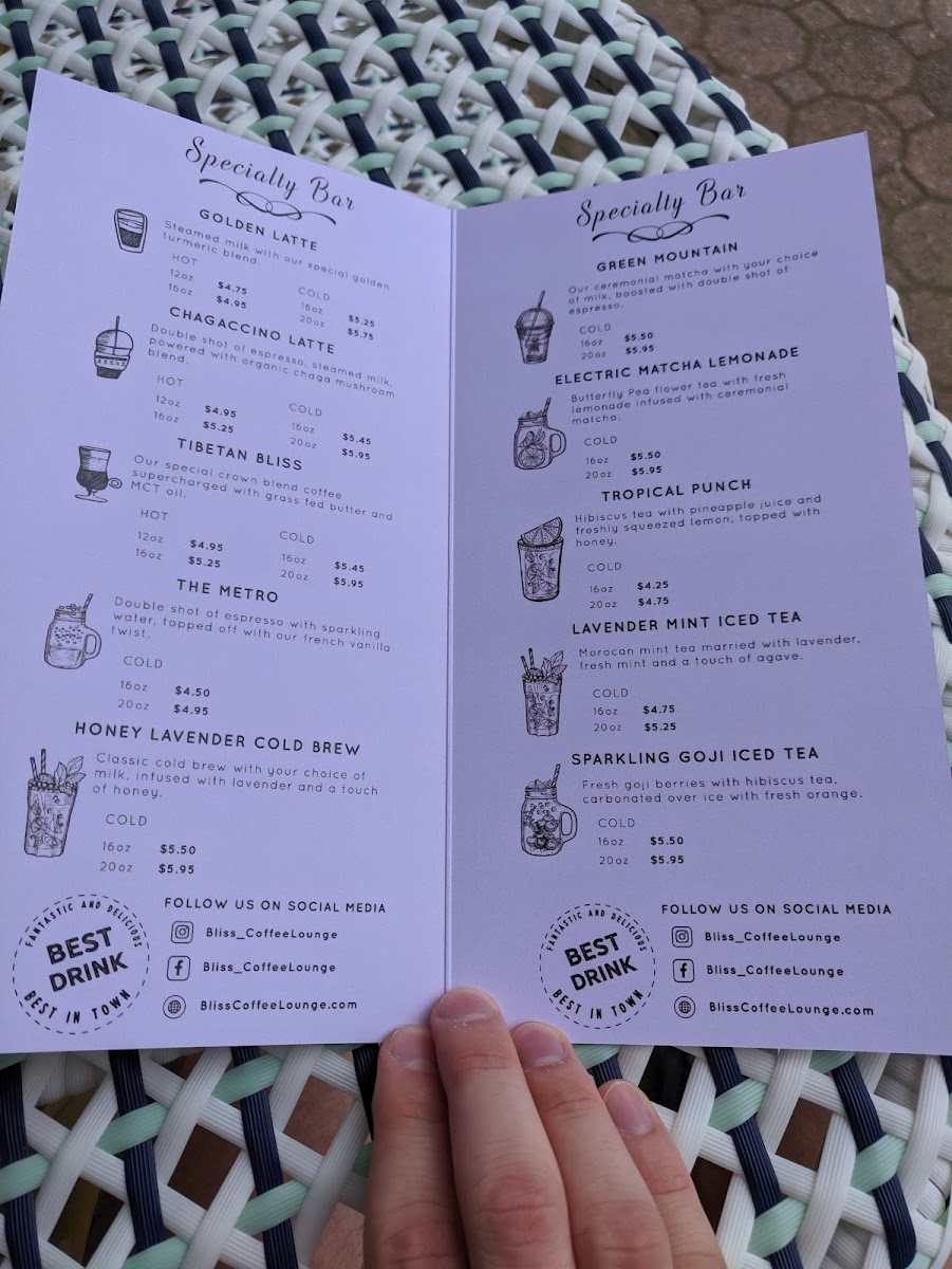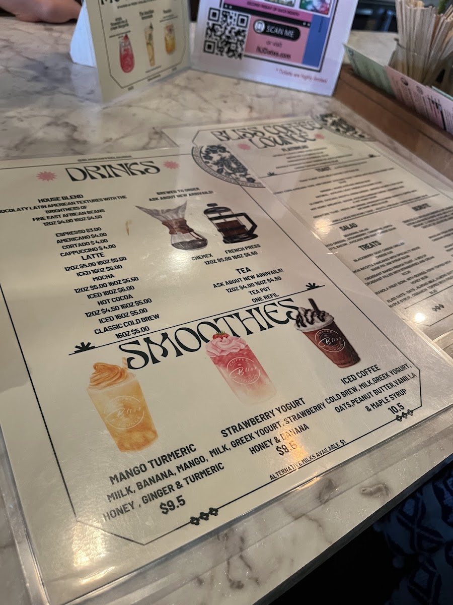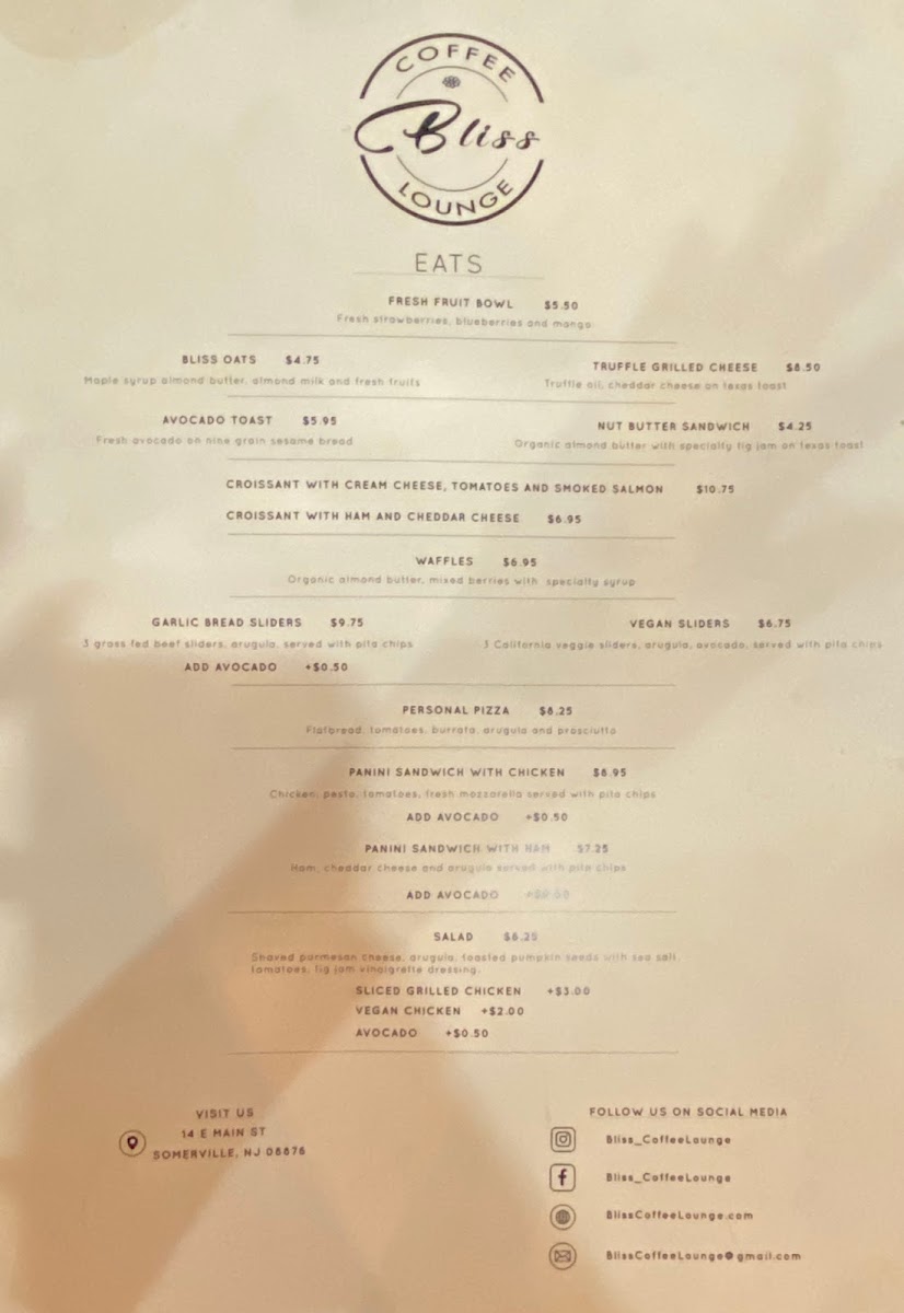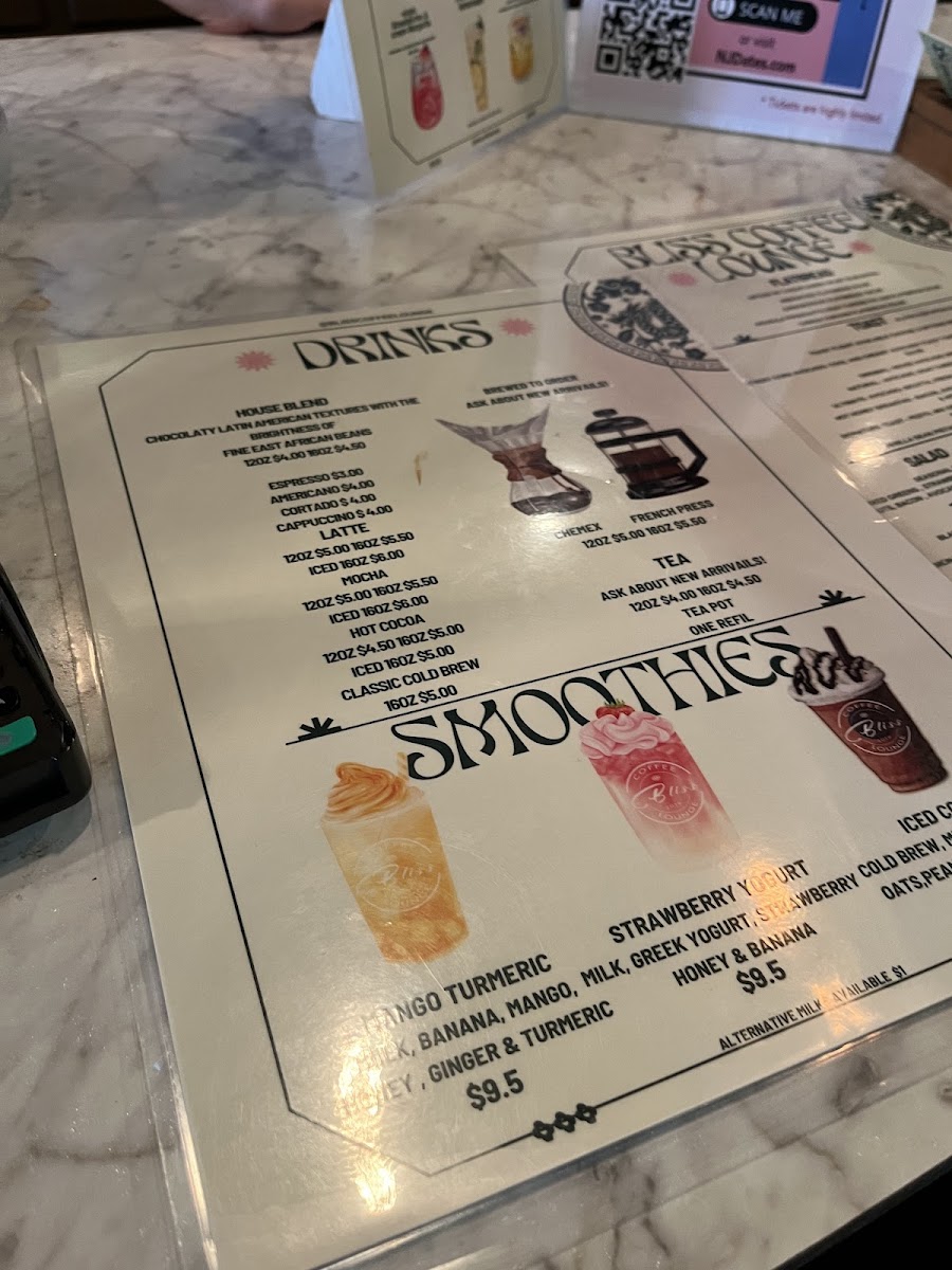 The menu at Bliss Coffee Lounge offers a curated selection of beverages and light food options suitable for breakfast, coffee breaks, or casual dining. Visitors can choose from a variety of coffee drinks including espresso-based options such as Cortado, Cappuccino, Tiramisu Latte, Biscoff Latte, Almond Milk Latte, Iced Coffee, Iced Caramel Macchiato, and specialized offerings like an Espresso Flight and Coffee Flight. Non-coffee alternatives such as teas and mocktails are also available.
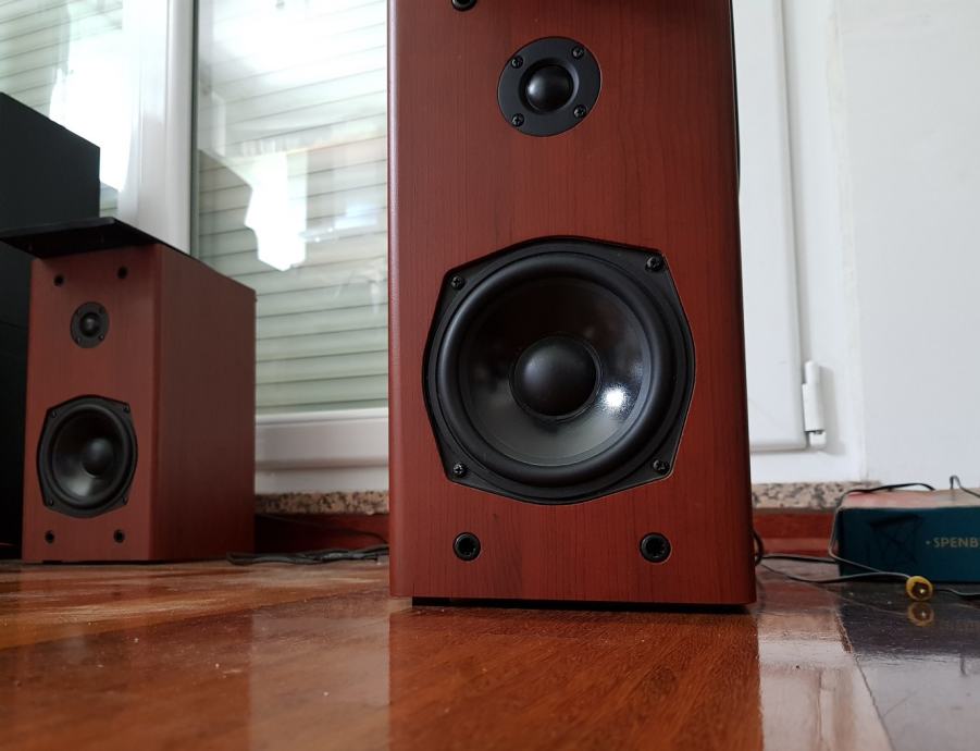Potenciometri za volumen, niske i visoke tonove, dok se na poleđini nalazi utor za slušalice. Spajanje je vrlo jednostavno. Činć kabel ide u glavni zvučnik, a iz njega ide 3.5 mm u računalo, mobitel, tablet ili neki drugi izvor zvuka.
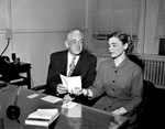 Bruce C. Shulkey, assistant superintendent of elementary schools, and Miss Georgia Fletcher, teacher at Bluebonnet Elementary School, look at an invitation for the 20th Bosses Banquet of Beta Alpha Rho. The banquet was at Glen Garden Country Club. Published in Fort Worth Star-Telegram morning edition February 14, 1954.
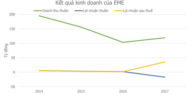 Năm 2017, EME đạt doanh thu 119,3 tỷ đồng, tăng 15% so với năm 2016. Tuy vậy, doanh thu không đủ bù đắp cho giá vốn khiến Công ty lỗ gộp 5,3 tỷ đồng. Dù tiết giảm chi phí như chi phí quản lý doanh nghiệp, EME vẫn lỗ thuần 16,9 tỷ đồng.

_PROMPT_.
The lines from the one containing "Bruce C. Shulkey, assistant" to the final line of the material, both ends included, should be retyped exactly and alone, with no pictures.

_SOLUTION FOR THIS EXERCISE_.
 Bruce C. Shulkey, assistant superintendent of elementary schools, and Miss Georgia Fletcher, teacher at Bluebonnet Elementary School, look at an invitation for the 20th Bosses Banquet of Beta Alpha Rho. The banquet was at Glen Garden Country Club. Published in Fort Worth Star-Telegram morning edition February 14, 1954.
 Năm 2017, EME đạt doanh thu 119,3 tỷ đồng, tăng 15% so với năm 2016. Tuy vậy, doanh thu không đủ bù đắp cho giá vốn khiến Công ty lỗ gộp 5,3 tỷ đồng. Dù tiết giảm chi phí như chi phí quản lý doanh nghiệp, EME vẫn lỗ thuần 16,9 tỷ đồng.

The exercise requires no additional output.